Por fortuna para Rick, los aliados arrasaron Ancona al final de la guerra, por lo que ya apenas quedaban en pie ni castillos ni palazzi. Según la montaña de guías de viaje de Livvy, solo había una vieja catedral que valiera la pena visitar y no le apetecía ir a verla. El domingo durmieron hasta tarde, se saltaron la visita y finalmente fueron al campo de fútbol.
Los Panthers llegaron en autobús a la una y media. Rick estaba solo en los vestuarios, esperándolos. Livvy estaba sola en las gradas leyendo un periódico dominical italiano.
– Me alegro de que ya estés aquí -le gruñó Sam a su quarterback.
– Veo que trae el buen humor de siempre, entrenador.

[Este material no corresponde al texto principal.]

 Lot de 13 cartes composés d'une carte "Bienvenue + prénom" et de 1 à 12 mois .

– Ya lo creo, no hay nada que me haga más feliz que un viaje de cuatro horas en autobús.
Todavía les duraba la resaca de la gran victoria ante el Bérgamo y Sam, como de costumbre, se temía un desastre contra los Dolphins. Una derrota inesperada y los Panthers ya podían olvidarse de los playoffs. Les había hecho trabajar duro tanto el miércoles como el viernes, pero ellos seguían recreándose con la inesperada interrupción de la Gran Racha Victoriosa del Bérgamo. La Gazzettadi Parma publicaba un artículo en portada acompañado de una fotografía de gran tamaño de Fabrizio corriendo por el campo. El martes habían publicado otro artículo, en el que aparecían Franco, Niño, Pietro y Giancarlo. Los Panthers eran el equipo de moda de la liga y empezaban a barrer entre los seguidores italianos. Solo el quarterback era estadounidense. Etcétera.

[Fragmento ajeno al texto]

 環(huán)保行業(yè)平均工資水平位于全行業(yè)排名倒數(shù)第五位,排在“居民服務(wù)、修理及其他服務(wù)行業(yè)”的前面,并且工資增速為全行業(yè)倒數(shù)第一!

Los Dolphins habían ganado un único partido y habían perdido seis, la mayoría por amplio margen. Los Panthers estaban en baja forma, como era de esperar, pero no había que olvidar que le habían dado una paliza al Bérgamo y eso en sí ya era suficientemente intimidatorio. Rick y Fabrizio conectaron dos pases en el primer cuarto, y Giancarlo hizo una rueda y se tiró en plancha para anotar dos touchdowns más en el segundo. Al inicio del último cuarto, Sam no dejó a nadie en el banquillo y Alberto se hizo cargo de la ofensiva.
La temporada llegó a su fin con el balón en medio del campo y ambos equipos lanzándose sobre él al estilo melé de rugby mientras la aguja del reloj marcaba los últimos segundos. Los jugadores se quitaron las sucias camisetas y protecciones y durante la media hora siguiente estuvieron estrechando manos e intercambiando promesas para la próxima temporada. El corredor de habilidad de los Dolphins era de Council Bluffs, Iowa, y había jugado en una pequeña universidad de Minnesota. Hacía siete años había visto jugar a Rick en un gran partido Iowa-Wisconsin, y pasaron un buen rato rememorándolo. Uno de los mejores partidos universitarios de Rick. Era agradable hablar con alguien con el mismo acento.